Las Vegas Sun

March 19, 2024

Chancellor Rogers enlists campus help in budget plea

Methods, though aboveboard, are criticized by regent

Related Documents

  • Jim Rogers, chancellor of Nevada's higher education system, has long called for more faculty and student participation in protesting budget cuts to state colleges. Toward that end, he's pushed officials at the College of Southern Nevada and UNLV to ask employees to contact their legislators, at one point saying he wanted 50 people a day from those schools to do so. Here are excerpts from some e-mails showing how the chancellor is mobilizing opposition to budget cuts.
  • Download the e-mails

As the state university system wages a battle against budget cuts, Chancellor Jim Rogers is marshaling on-campus forces in a lobbying campaign aimed at legislators.

Around the time the legislative session started, Rogers told high-ranking officials at UNLV and the College of Southern Nevada that he wanted people from each school making 50 contacts with state lawmakers each day. Rogers has the schools providing his office with daily updates on those lobbying efforts. At UNLV the assistant president/chief of staff in early February sent an e-mail to campus leaders, including deans and department heads, instructing them to tell the president’s office who had contacted legislators each day. A list of “talking points” attached to the note outlined UNLV’s legislative priorities.

The higher education system, Rogers said, “has a right and an obligation to tell legislators” how state money would be best invested. Having employees contact lawmakers is a way of “informing the legislators of what the system does — so the legislators can make informed decisions on what can be done with the system,” Rogers said.

The e-mails are just one facet of a top-down effort to orchestrate opposition to budget cuts. Some student and faculty leaders participated in advocacy workshops. Employees in Rogers’ office and on campuses compile information for weekly budget memos that often call for raising taxes.

Staff helped craft public service announcements promoting education that play for free on TV stations Rogers owns. The broadcasts direct viewers to a Web site run by higher education employees that encourages people to protest funding reductions.

Rogers even encouraged university system employees to vote in an online Las Vegas Sun poll on whether Nevada should raise taxes.

Many faculty members have welcomed the push for advocacy, saying taking part is clearly optional. Some gush about Rogers’ leadership. Others brush off the chancellor’s appeals, too busy to respond.

Nevada administrative code prohibits classified employees from lobbying for a political party or candidate at work. But the higher education system staff can use public resources such as

e-mail to contact lawmakers about budget cuts, as long as the use is limited, the system’s chief counsel said.

The system has paid lobbyists, and administrators tell workers to represent themselves, not their institutions, when interacting with legislators.

The degree to which other colleges involve staff in advocacy varies.

In a January message on budget cuts, UCLA’s chancellor directed readers to a Web site with links to resources on “how to help.” Arizona State University e-mailed employees with information on contacting lawmakers, but a primary purpose of the message was to instruct staff not to do so using school time or equipment.

At UNLV some administrators passed the assistant president’s directions to lower-level employees. The Academic Success Center dean, for instance, e-mailed staff to say, “It is incumbent upon you and me to be proactive and contact our legislators to make our case not to cut funding for Education. Please consider writing to your representatives.” The dean asked workers who reached out to legislators to let her assistant know.

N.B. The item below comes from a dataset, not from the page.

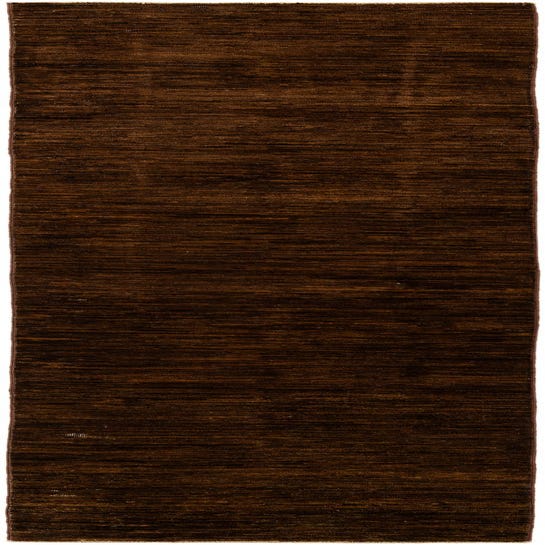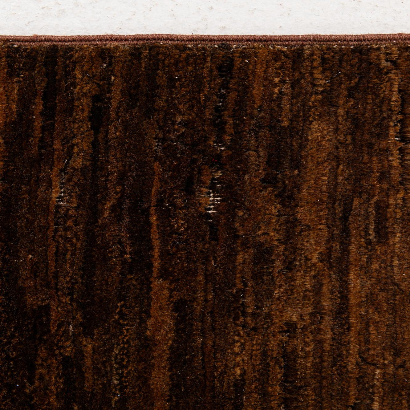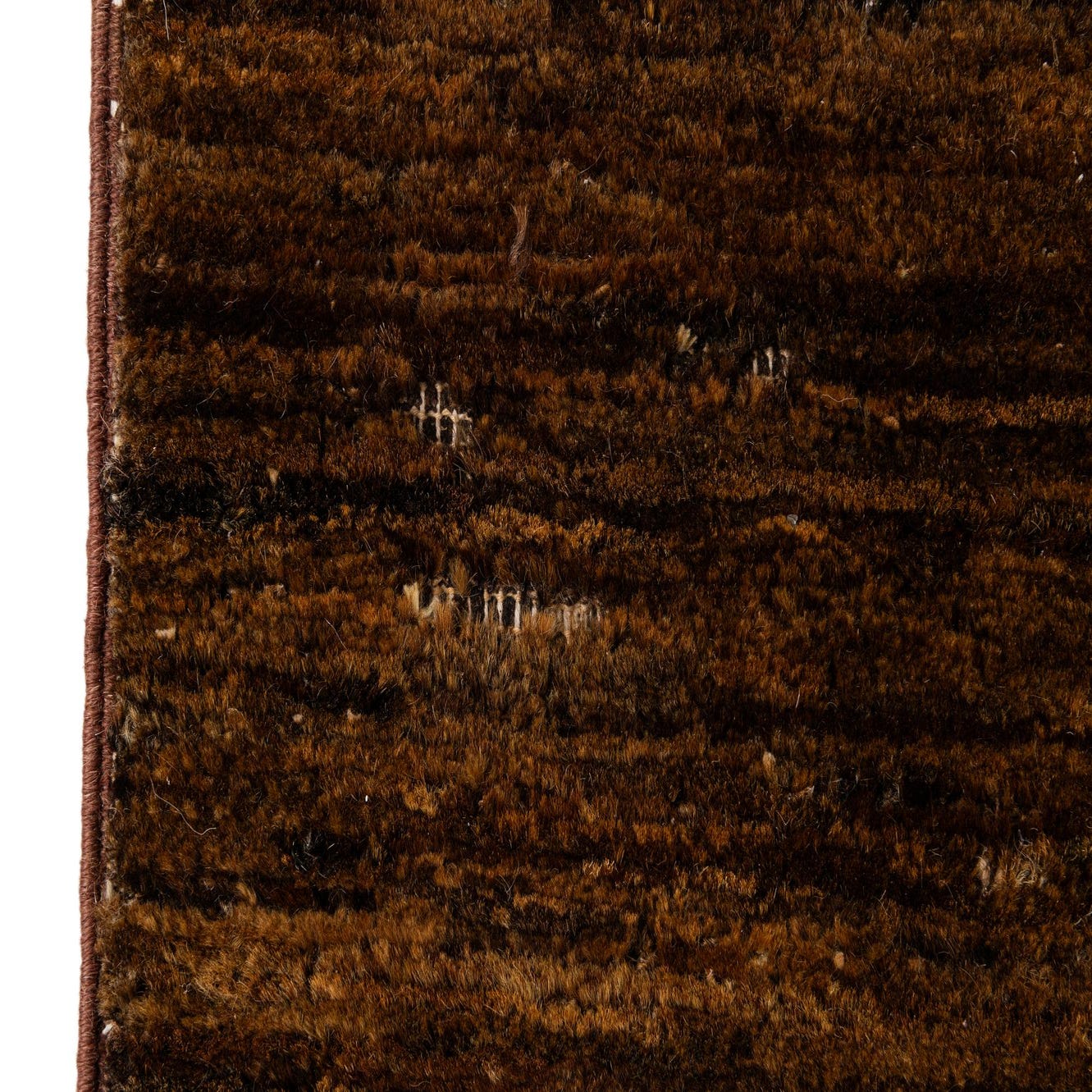 A warm brown field with subtle light-brown striations creates a simple, linear pattern across this hand-knotted runner. Woven from 100% hand-spun wool, the pile has a soft, slightly velvety texture and a gentle luster from the natural fibers. The tonal striping is understated and irregular, giving the runner a handcrafted character while keeping the overall look contemporary and restrained.

Julie Tousa, acting president of the Nevada Center for Public Ethics, sees no problem with asking workers to promote a cause as long as participation is optional and workers do not face repercussions for not getting involved.

After reviewing university system e-mails related to the advocacy effort, however, Tousa called Rogers’ request for 50 contacts a day “excessive.”

“I can see staff feeling pressure to participate and it no longer feeling optional,” she said.

But although UNLV and CSN administrators relay to Rogers’ office daily the number of people who contacted legislators, they keep participants’ names confidential. Officials also don’t ask about the content of communications with lawmakers.

That doesn’t assuage Rogers’ critics such as Ron Knecht, a fiscally conservative higher education regent. Knecht agrees with Rogers that the governor’s recommendation to cut the college system’s state funding by more than a third is excessive — but takes issue with the chancellor’s methods.

“A lot of voters and taxpayers will have a real concern about whether we’re taking care of the business of education or spending a lot of time needlessly playing politics,” Knecht said after reading e-mails related to Rogers’ call for 50 contacts a day.

The daily contacts, though, may prove effective, building a foundation for legislators who want to see more funding for education.

“This isn’t the only place we are getting good mail coverage, but the university system is a special case,” Sen. Bob Coffin, D-Las Vegas, said. He said the “most articulate e-mails” have come from university personnel. “They are well thought-out. They were the best I’ve seen in many years that I have served here. They were not just cookie-cutter letters.”

Assemblywoman Sheila Leslie, D-Reno, said the e-mails have made it very clear that “there is really outrage from the university community that their budgets are being cut so drastically.”

“We get hundreds of e-mails every day, and e-mails do have an effect.”

Sun Capital Bureau Chief Cy Ryan contributed to this story.